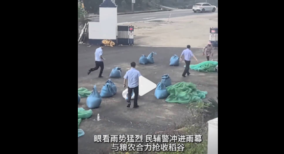 近日,福建德化赤水派出所院内,村民晒粮突遇暴雨来袭。雨势猛烈,民辅警纷纷冲进雨中,与村民合力抢收稻谷。
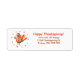 A cute Thanksgiving address label with my design of a cute turkey wearing a Canadian Flag top with maple leaves flying around him.
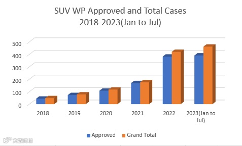 其中,2021年甚至达到破记录的96%SUV工签批准率。到2022年,420份申请中的382份获批,获批数占90.95%。
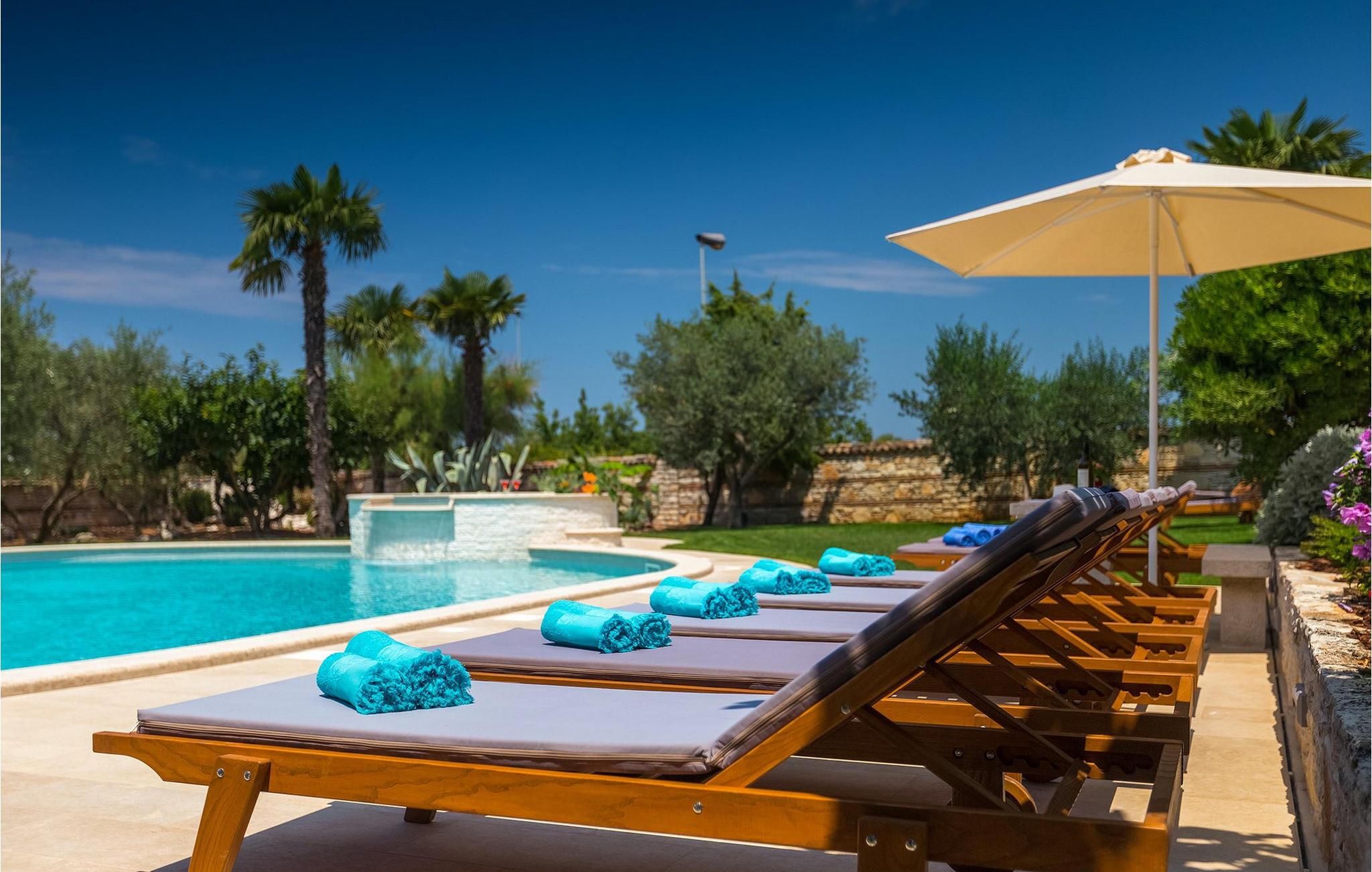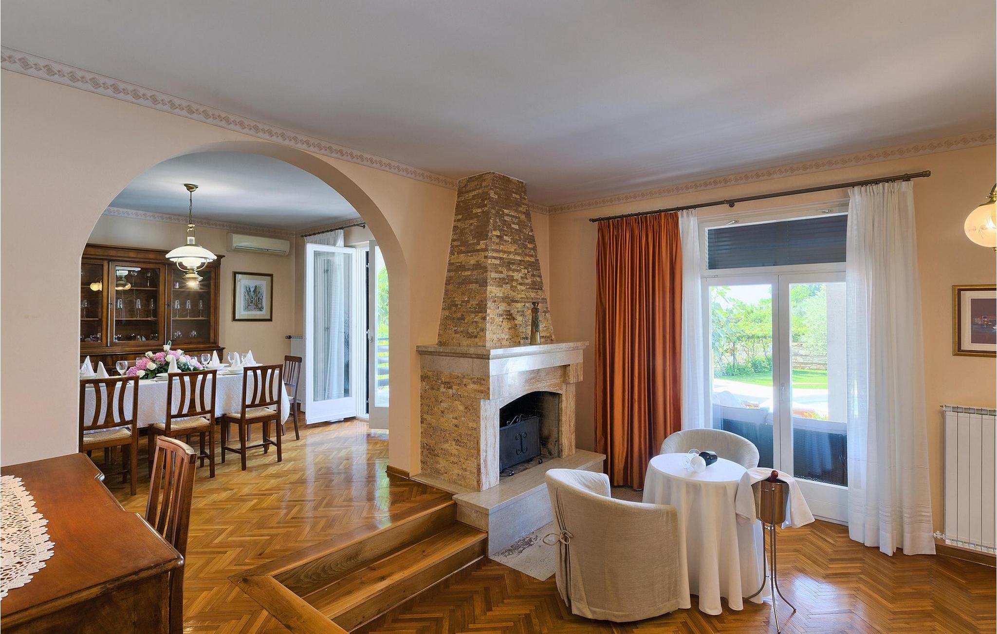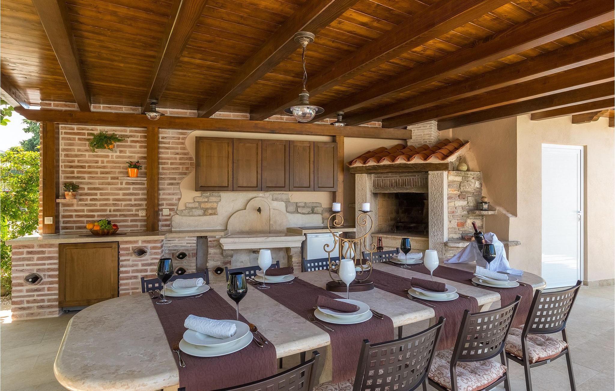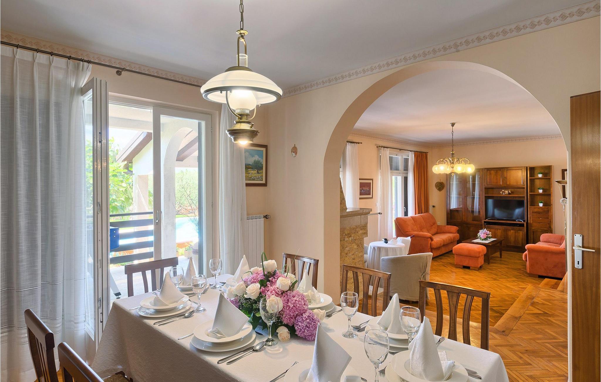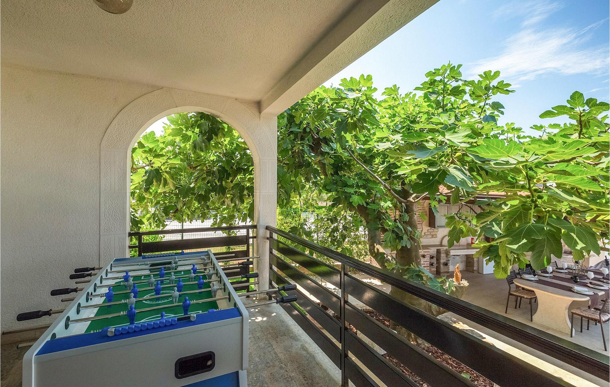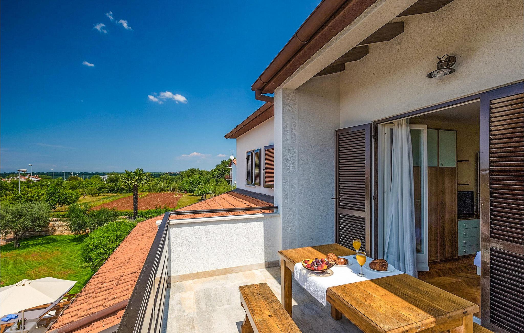 Diese wunderschöne Villa für 10 Personen befindet sich am Rande der schöner Küstenstadt Porec. Gelegen in einer friedlichen Nachbarschaft, Villa David ist die ideale Wahl für Familien, die nach einem Ort suchen, wo sie sich entspannen können und den Alltagsleben vergessen. Der wunderschön gepflegter grüner Garten wird Sie begeistern. Der Garten ist mit Pflanzen und Bäumen erfüllt, die einen besonderen mediterranen Duft verbreiten. Der Höhepunkt des Gartens ist der großer privater Pool mit Hydromassage. Der Pool ist von gemütlichen Liegestühlen umgeben und nur wenige Schritte von der wunderschönen überdachten Terrasse mit Außenküche und Essbereich entfernt, wo Sie Mahlzeiten zubereiten und speisen können. Das Innere der Villa ist schön eingerichtet, sehr hell und geräumig, und besteht aus 5 Schlafzimmern. Drei von ihnen verfügen über ein Doppelbett und zwei bestehen aus zwei Einzelbetten. Es gibt zwei Badezimmer mit jeweils einer Duschkabine. Im Erdgeschoss finden Sie ein Schlafzimmer, das Wohnzimmer, eine völlig ausgestattete Küche und einen Essbereich mit Zugang zur Terrasse mit einer gemütlichen Sitzecke und Tischfußball. Die restlichen vier Zimmer befinden sich im Obergeschoss. Der Balkon mit einem schönen Blick aufs Meer ist der perfekte Ort ist, um jeden Morgen Ihres Urlaubs zu beginnen. Die Villa ist komplett umzäunt, bietet wifi, 4 private Parkplätze und befindet sich in der Nähe aller Annehmlichkeiten, die Sie brauchen und nur eine kurze Fahrt vom nächsten Strand entfernt. Jugendgruppen sind nicht erlaubt.Gelegen im ruhigen Teil von Porec, aber nur eine kurze Fahrt vom Stadtzentrum entfernt, diese Villa ist ideal sowohl für diejenigen, die einen entspannenden Urlaub bevorzugen, als auch für diejenigen, die die Hektik der touristischen Städte mögen. In Porec finden Sie alle Arten von Aktivitäten, Restaurants, Bars und Clubs, aber die Stadt ist vor allem für ihr reiches kulturelles Erbe bekannt. Porec, früher eine römische Kolonie, erreichte seinen Höhepunkt während der Herrschaft des byzantinischen Kaiser Justinian. Die atemberaubende Euphrasius Basilika, unter dem UNESCO- Schutz, ist der beste Beweis dafür, wie glorreich diese Epoche war. Interessensgebiete sind die mittelalterlichen Städte Motovun und Groznjan sowie die Küstenstädte Rovinj und Vrsar. Etwas weiter entfernt, die Brijuni-Inseln, das römische Amphitheater in Pula und Venedig sind von dieser Region leicht erreichbar.
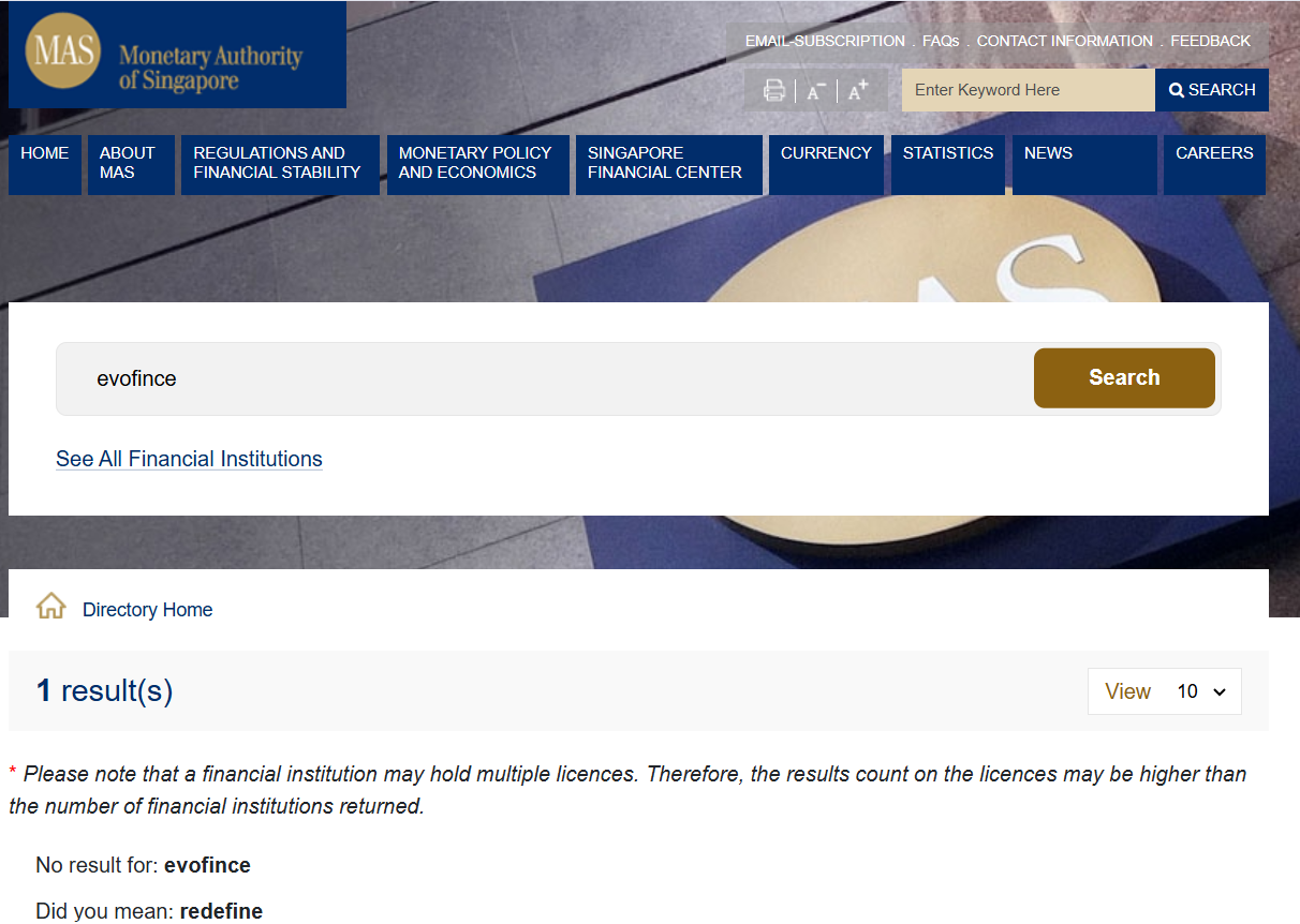 No record of Evofince on Monetary Authority of Singapore(MAS), which Evofince claimed they were registered under: https://eservices.mas.gov.sg/fid/institution?term=evofince
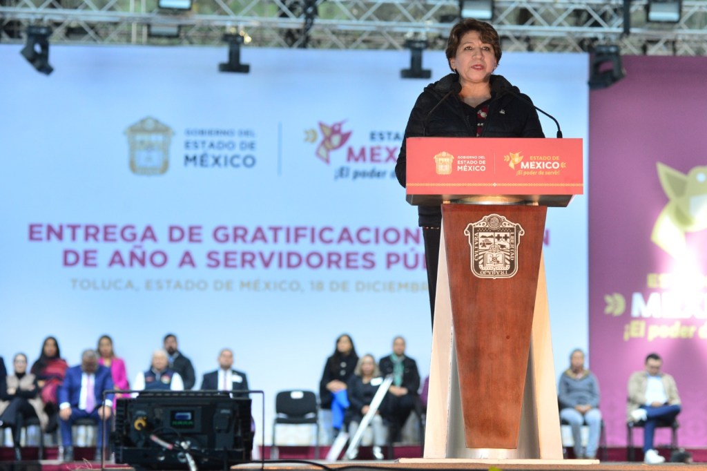 “Esta gratificación es la prueba de que El Poder de Servir trasciende los actos individuales y se convierte en la fuerza que mueve al Estado de México, porque para nosotros El Poder de Servir es más que un slogan, es un cambio de paradigma en la forma de gobernar”, aseveró la Maestra Delfina Gómez.
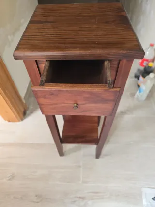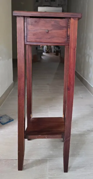 Elegante mesita auxiliar de estilo clásico, perfecta para cualquier rincón. - Fabricada en madera. - Acabado en tono marrón oscuro. - Cuenta con un práctico cajón. - Dispone de un estante inferior adicional.
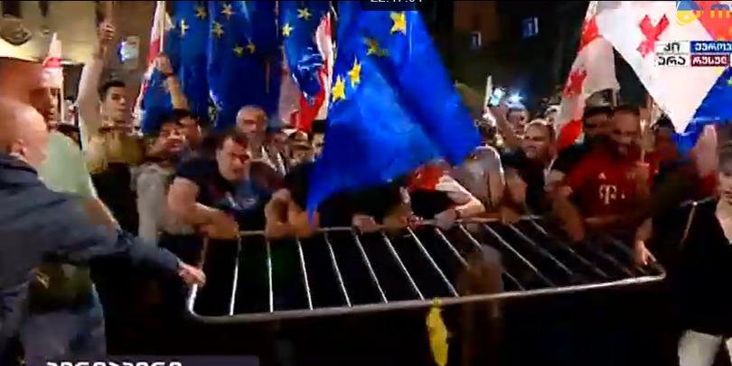 პარლამენტთან ვითარება დაიძაბა — აქციის მონაწილეები ცდილობენ, საქართველოსა და ევროკავშირის დროშებით სცენაზე ავიდნენ
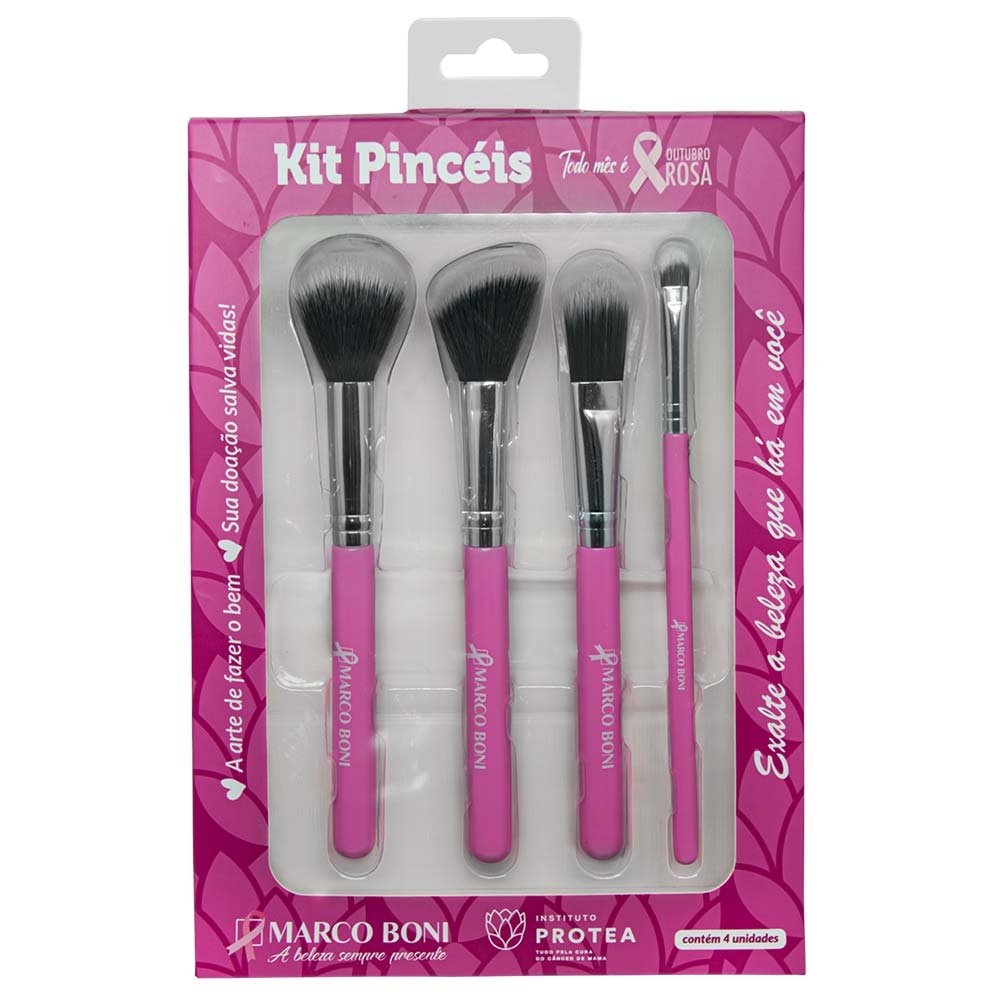 O Kit De Pincéis Faciais Para Maquiagem Outubro Rosa da Marco Boni conta com quatro pincéis:
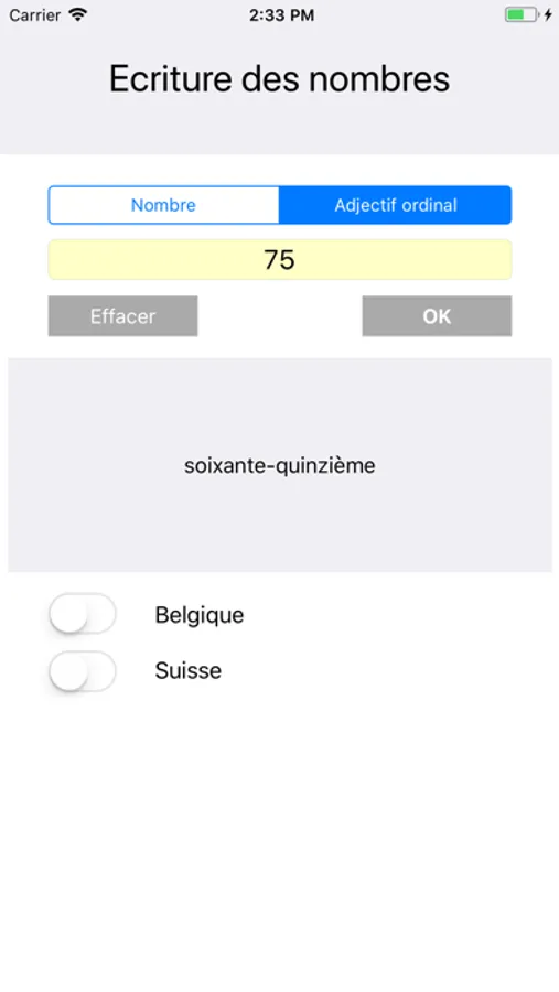 Les adjectifs ordinaux ont été ajoutés à l'application : premier, deuxième etc.
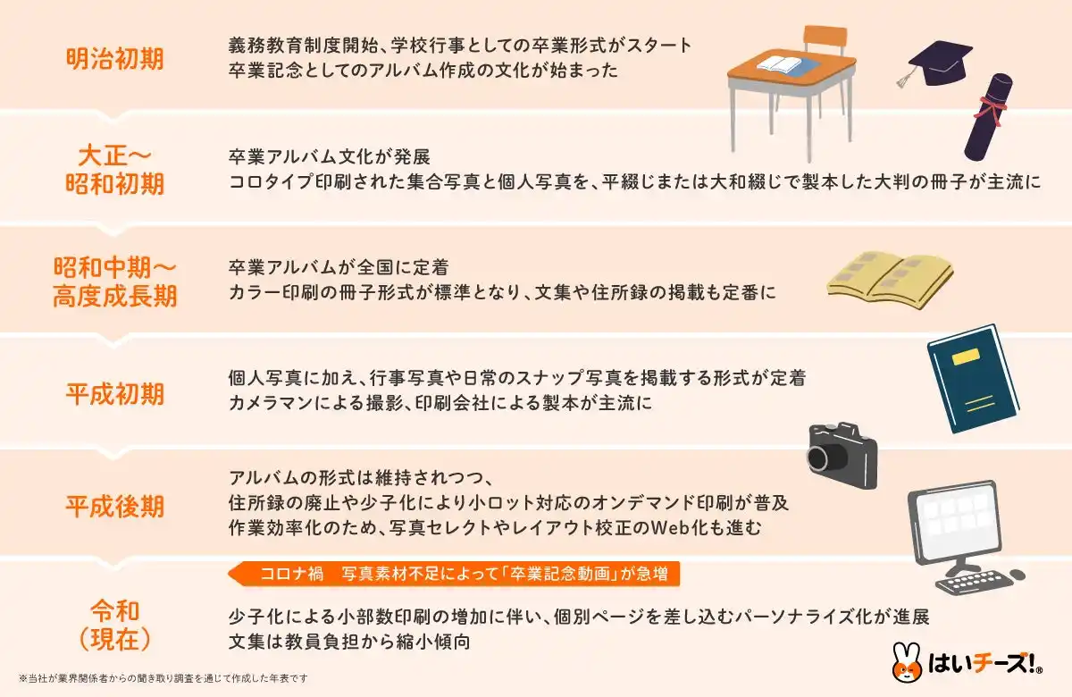 | 卒園・卒業アルバムは時代とともに変化してきました。 |
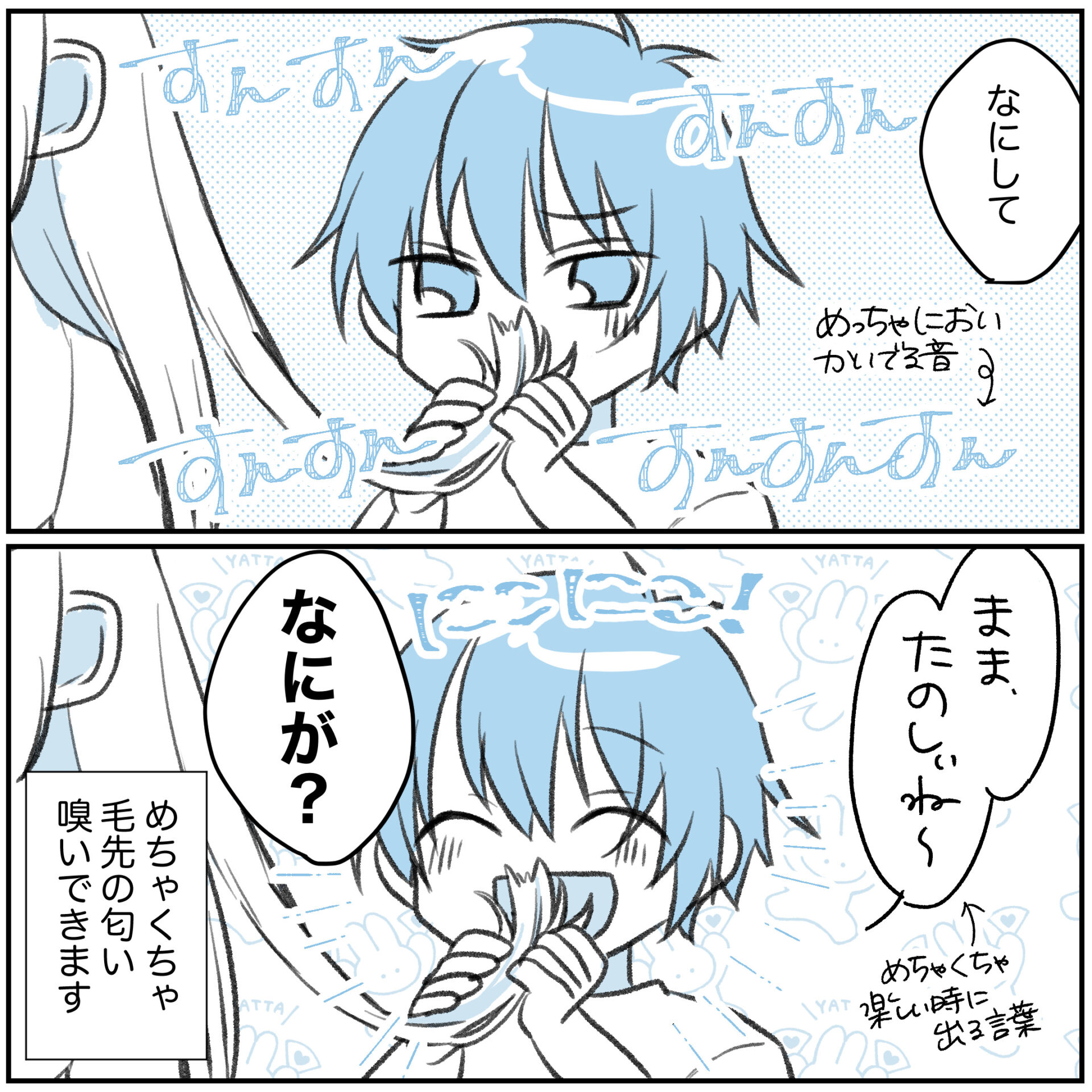 スポンサーリンクおすすめ記事付き添い入院大変でした〜マイコプラズマ③〜付き添い入院大変でした〜マイコプラズマ②付き添い入院大変でした〜マイコプラズマ①3歳になりました飲むのも飲ませるのも下手くそすぎて完ミにした話⑥ 謎の癖2023.08.17スポンサーリンクあとがき臭い?臭いの?と思ったけど特に臭くない…はず…母親の匂いがいいんじゃないの?とも言われましたけど、そういうのって普通体とか、服とか、同じ頭でももっと頭皮の方だったりするんじゃないのかな!?!?なんで毛先なの!?!ちなみに当たり前だけどくすぐったいらしくてゲラゲラ笑ってます。これで1時間くらい持つので引っ張らない限りはもう…好きにさせている…1

* * *

Would you output the lines above from the line holding "A cute Thanksgiving" up to and including the line holding "其中,2021年甚至达到破记", exactly and only those, with no pictures?

 A cute Thanksgiving address label with my design of a cute turkey wearing a Canadian Flag top with maple leaves flying around him.
 其中,2021年甚至达到破记录的96%SUV工签批准率。到2022年,420份申请中的382份获批,获批数占90.95%。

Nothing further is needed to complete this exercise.